= Symphony on a Hymn Tune =

Symphony by Virgil Thomson

Symphony on a Hymn Tune is a four-movement orchestral composition by the American composer Virgil Thomson. The work was Thomson's first symphony and was composed between 1926 and 1928 while Thomson studied with the composer Nadia Boulanger in Paris. However, the work was not premiered until February 22, 1945, with Thomson leading the Philharmonic Symphony Society in New York City.

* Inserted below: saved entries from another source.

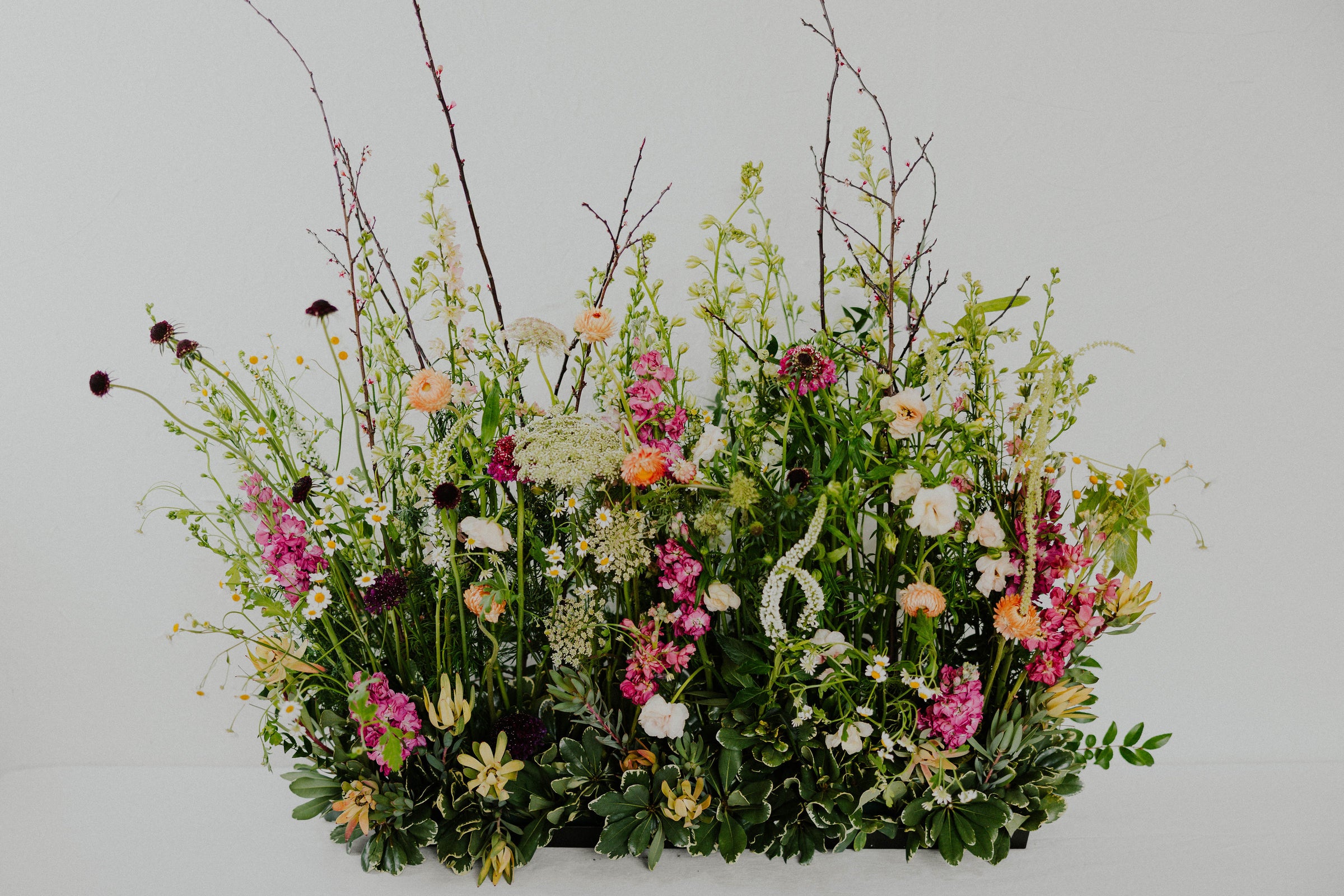 A lush, garden-style floral meadow overflowing with fresh, seasonal blooms, thoughtfully designed to evoke the beauty of a flourishing garden. This serene and natural arrangement is perfect for placing at the foot of a casket, on a welcome table, or as a heartfelt tribute at the church altar.
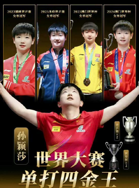 2025年孫穎莎包攬世乒賽女單、混雙(搭檔王楚欽)及世界盃女單冠軍,成爲乒壇首位實現世乒賽雙圈金滿貫的女子運動員。全年斬獲單打六冠,外戰61場全勝,終結日本選手橋本美和11連勝國乒紀錄。
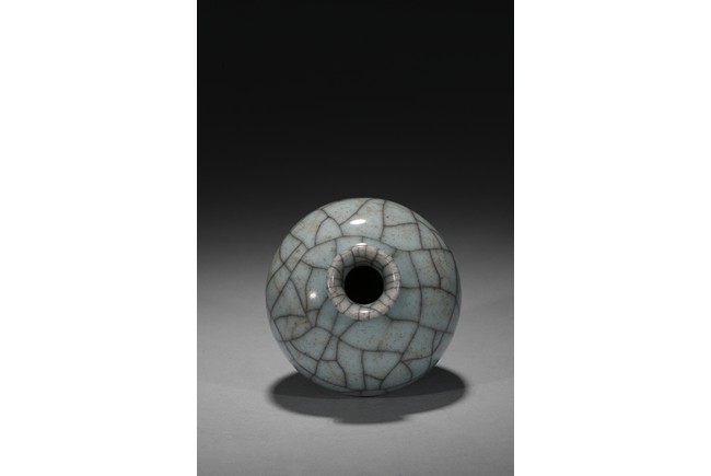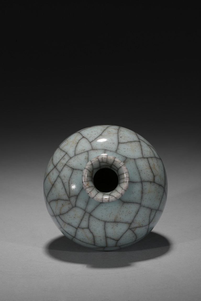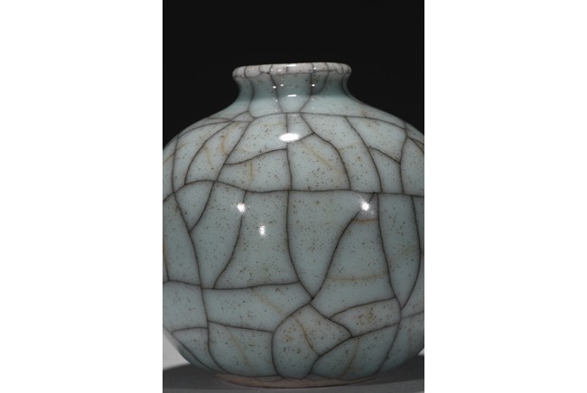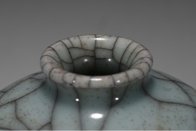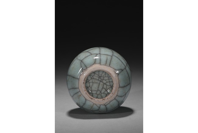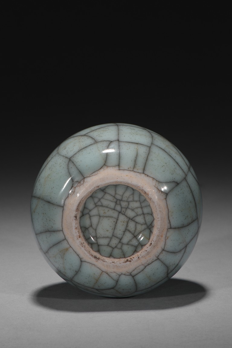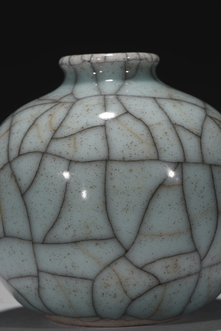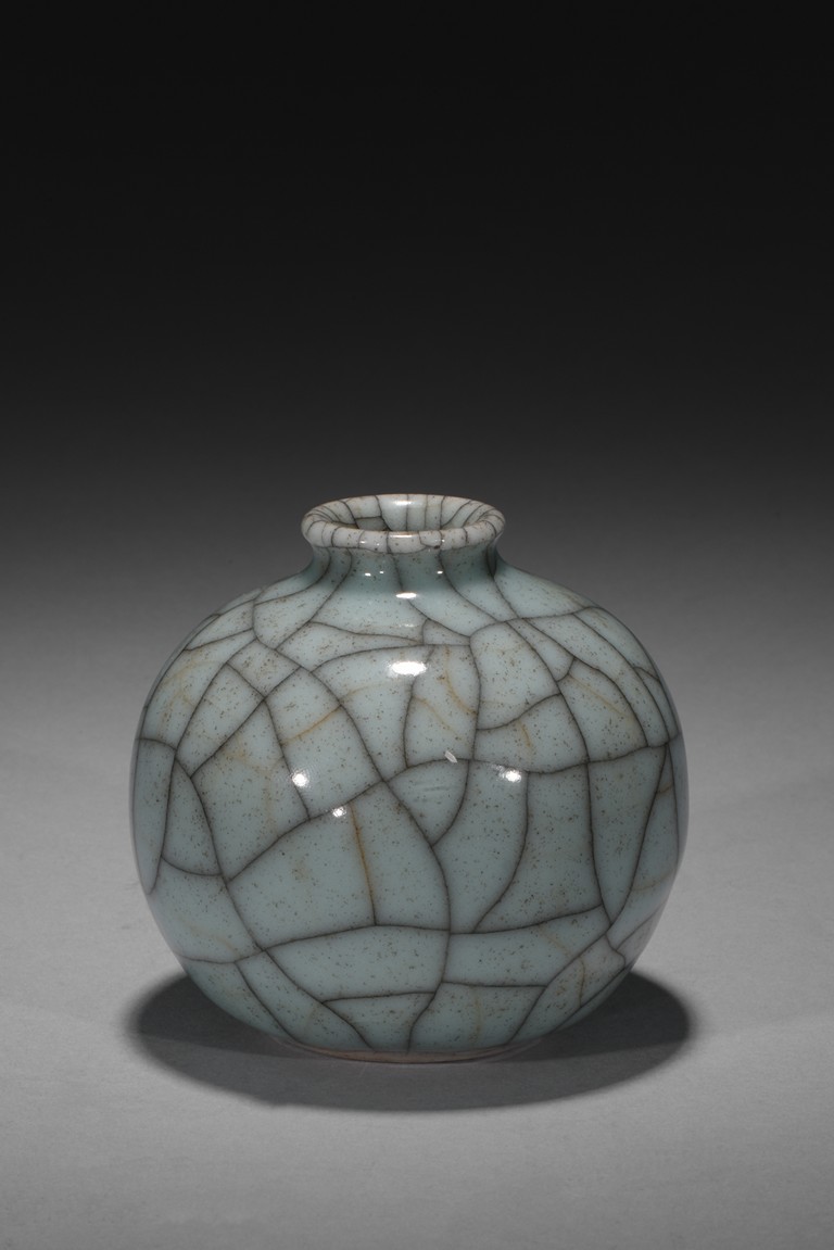 The robustly potted globular body rising to a short, waisted neck and an everted rim, covered overall in a pale greenish-grey glaze with a striking network of brownish and russet crackles, all supported on a low footring dressed in brown. Qing Dynasty period.
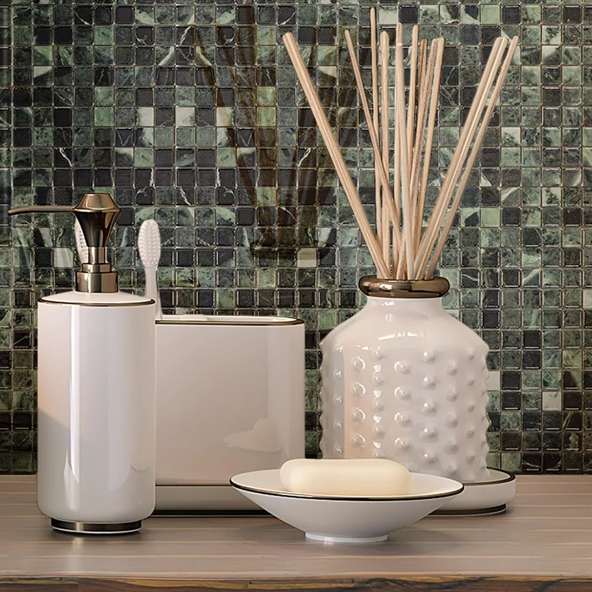 The Elysium ceramic mosaic tile in a stylish green brings a touch of elegance and freshness to your rooms. With its glossy surface in a noble marble look, it gives walls and floors a luxurious and modern flair.
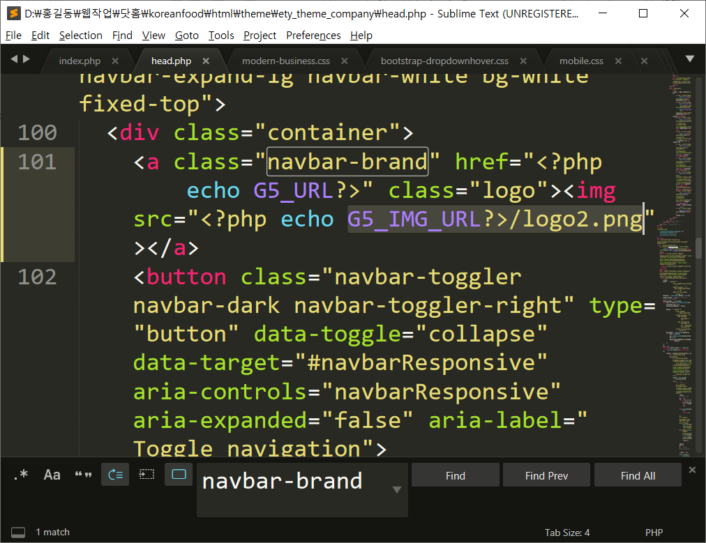 로고이미지(logo.png)의 위치는 /html 디렉토리내 img 디렉토리 속에 업로드하고 아래 내용대로 수정하면됩니다.
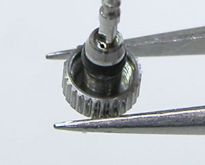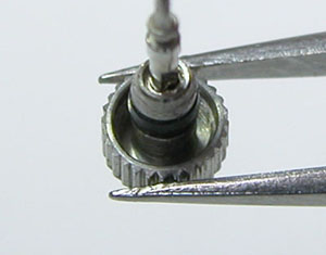 ムーブメントを抜いたまま裏蓋を閉めて防水テスト。
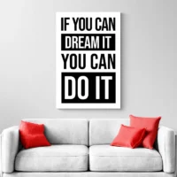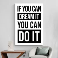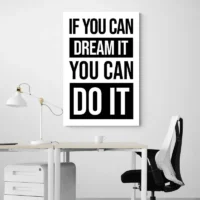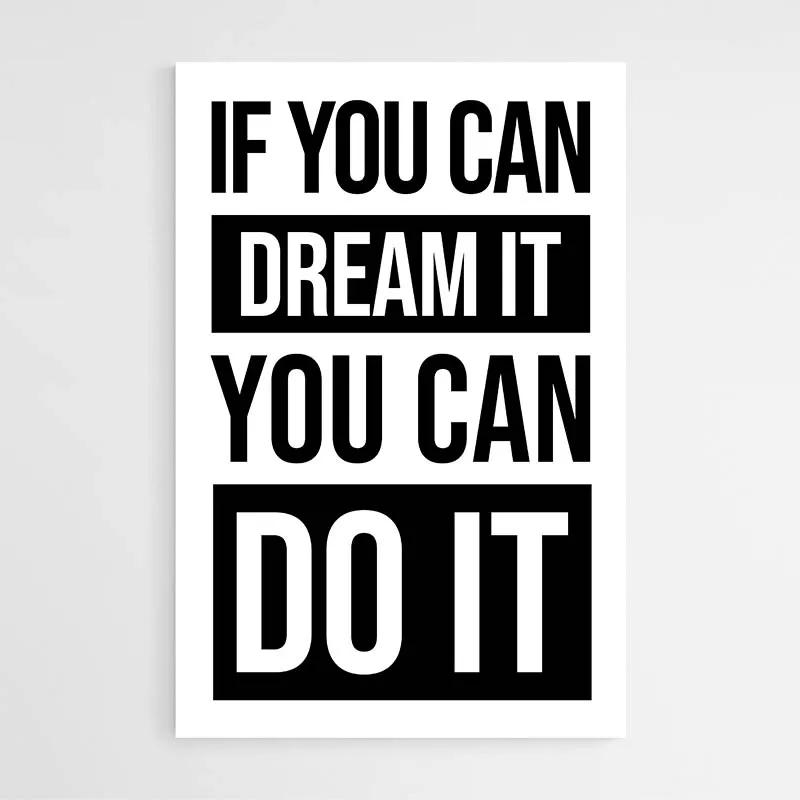 Cette Affiche Motivation - You Can Do It mise sur l’évidence. Le texte YOU CAN DO IT en majuscules occupe le centre. Les mots s’empilent sur trois lignes, le lettrage paraît volontaire et lisible. L’ensemble reste net, épuré, sans ornements inutiles. Le style reste direct, sans fioritures.

== Style and composition ==
Lasting roughly twenty minutes in performance, Symphony on a Hymn Tune is composed in four movements:

The first three movements were composed between 1926 and spring 1927, though Thomson, daunted by the finale, did not begin work on the fourth movement until July 1928. The piece was completed in late 1928 and was lightly revised by Thomson before its premiere in 1945. The Protestant hymns "Jesus Loves Me" and "How Firm a Foundation" serve as a thematic basis for the symphony, but the work is also influenced by other historic sacred music styles. Additionally, the piece occasionally references the popular tune used in the song "For He's a Jolly Good Fellow".

=== Instrumentation ===
The work is scored for two flutes (one doubling on piccolo), two oboes, two clarinets, two bassoons, contrabassoon, four French horns, two trumpets, three trombones, tuba, timpani, snare drums, rattle, tambourine, triangle, cymbals, tamtam, bass drum, and strings (violins I & II, violas, violoncellos, and double basses).

== Reception ==
The music critic John von Rhein of the Chicago Tribune called the work "a kind of homespun-sophisticated musical analogue to a Currier and Ives print." Writing in The Weekly Standard, Algis Valiunas opined that the work "stands worthily beside the far more famous orchestral music of Aaron Copland." Richard Buell of The Boston Globe further praised that the work's "peculiar procedures somehow suggest that Thomson has given both a kit for a symphony and the improbable assembled thing itself. There's nothing extraneous, it's strong as hell and the parts fit, but you could swear that some of them have deliberately been put in upside down." Carol J. Oja of NPR especially praised the fourth movement, "Alla breve", saying, "The fourth movement reveals how Thomson transforms melodic material. Sometimes he does so transparently, sometimes with intentional 'wrong' notes. In an era when his modernist colleagues often revered complexity, Thomson took a radical turn to simpler writing, and his cinematically sweeping melodies evoke vast expanses of the American prairie."

== Legacy ==
Significant passages from Symphony on a Hymn Tune were reused by Thomson in his score to the 1938 documentary The River by Pare Lorentz. Movements from The River were later used to score the 1983 television film The Day After by the director Nicholas Meyer. Symphony on a Hymn Tune was also arranged for piano duet by American pianist John Kirkpatrick.

== Partial discography ==
- 1965: Virgil Thomson, Symphony on a Hymn Tune, The  Feast of Love; Howard Hanson, Four Psalms, Eastman-Rochester Orchestra, Howard Hanson (dir.) – Mercury Records LP: SR 90429 (1965); Thomson reissued on CD 434 310-2 (1992).
- 1989: Virgil Thomson: Orchestral Works, performed by the Monadnock Festival Orchestra, James Bolle (dir.) – Albany Records.
- 2000: Virgil Thomson: Symphony on a Hymn Tune; Symphonies Nos. 2 & 3; Pilgrims and Pioneers, performed by the New Zealand Symphony Orchestra, James Sedares (dir.) – Naxos Records.

== Bibliography ==
- Tommasini, Anthony (1997). "Virgil Thomson: Composer on the Aisle"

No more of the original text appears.